Australian cricketer (born 2001)

Liam Haskett (born 31 May 2001) is an Australian cricketer who plays for Western Australia and Adelaide Strikers. He is a left arm fast medium bowler and right handed bastsman. He made his First-class cricket debut on 3 October 2023 against Victoria.

==Career==
Described as a tall left-arm quick capable of extracting significant bounce, Haskett featured for Claremont-Nedlands in grade cricket and took 21 wickets at an average of 19.62 during the 2022–23 season, leading to a call up to the Western Australia second-XI. He was awarded a rookie contract with Western Australia in May 2023.

Haskett was brought into the Western Australia match day squad for their opening fixture of the 2023–24 Sheffield Shield season, at home against Victoria. He subsequently made his first-class debut in the match starting on 3 October 2023. His maiden wicket in first class cricket was Travis Dean in the Victorian first innings.

In December 2023, Haskett signed with the Perth Scorchers ahead of the 2023–24 Big Bash League season. In April 2024, he was upgraded from a rookie contract to a full contract with Western Australia.

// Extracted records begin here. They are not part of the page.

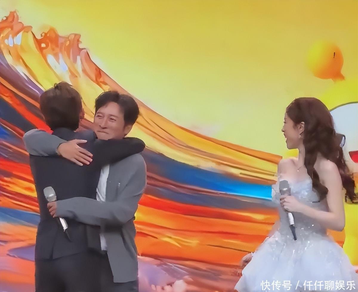 一上台,何炅立马快步迎上去,给了他一个有劲的拥抱,笑着冲他说:“维嘉,回来啦!”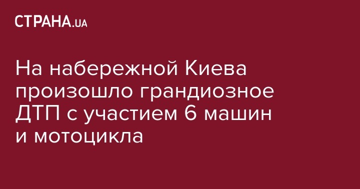"Масштабное ДТП прямо сейчас в Киеве на Набережной: разбиты 6 авто и мотоцикл. Пострадал пилот. На месте работает патруль полиции. Большая пробка", - сообщили журналисты.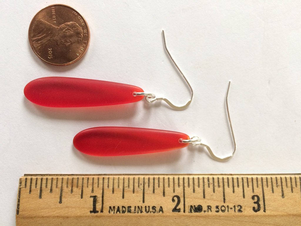 Just in time for Valentine's Day are these handmade tumbled sea glass and sterling silver earrings by award-winning artist, Judith Stiles. OF EARTH AND OCEAN. Perfect holiday gift for that special someone. Looks fantastic with that little black dress. Made from recycled glass that is formed and tumbled in sand to create the lovely satin finish. .925 sterling silver ear wires with 1.4" glass earring.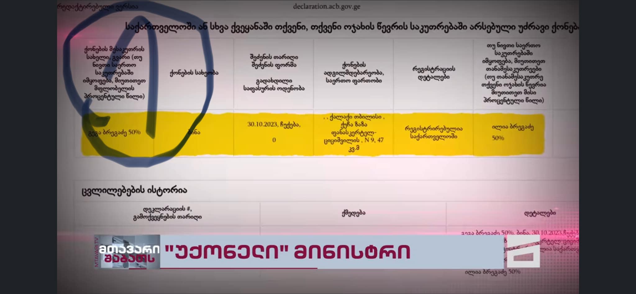 იუსტიციის მინისტრი რატი ბრეგაძე ეხმიანება “მთავარი არხი”-ს სიუჟეტს მის ქონებასთან დაკავშირებით: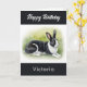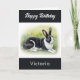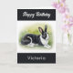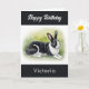 Senden Sie Geburtstagswünsche mit dieser niedlichen Hasen-Grüße-Karte. Die Karte zeigt ein schwarz-weißes holländisches Kaninchen auf einem Rasen in elegantem Aquarellstil. Oben befindet sich der Gruß "Happy Birthday", der auch in der Karte erscheint. Personalisieren Sie den Namen des Empfängers für eine stilvolle Touch. Eine moderne und elegante Karte für Kaninchenbesitzer und Tierfreunde.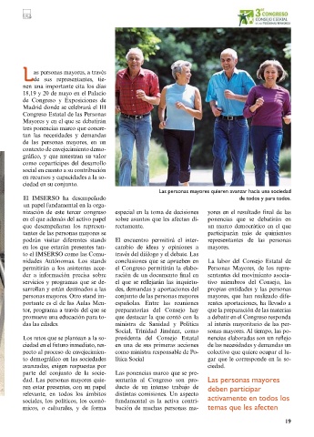 to el IMSERSO como las Comu- través del diálogo y el debate. Las

Haskett joined the Adelaide Strikers for the 2024–25 Big Bash League season. He made his debut against Brisbane Heat on 11 January 2025.

==Personal life==
Haskett's father Lloyd Haskett is a former Australian rules footballer with Western Australian Football League (WAFL) clubs East Perth and West Perth.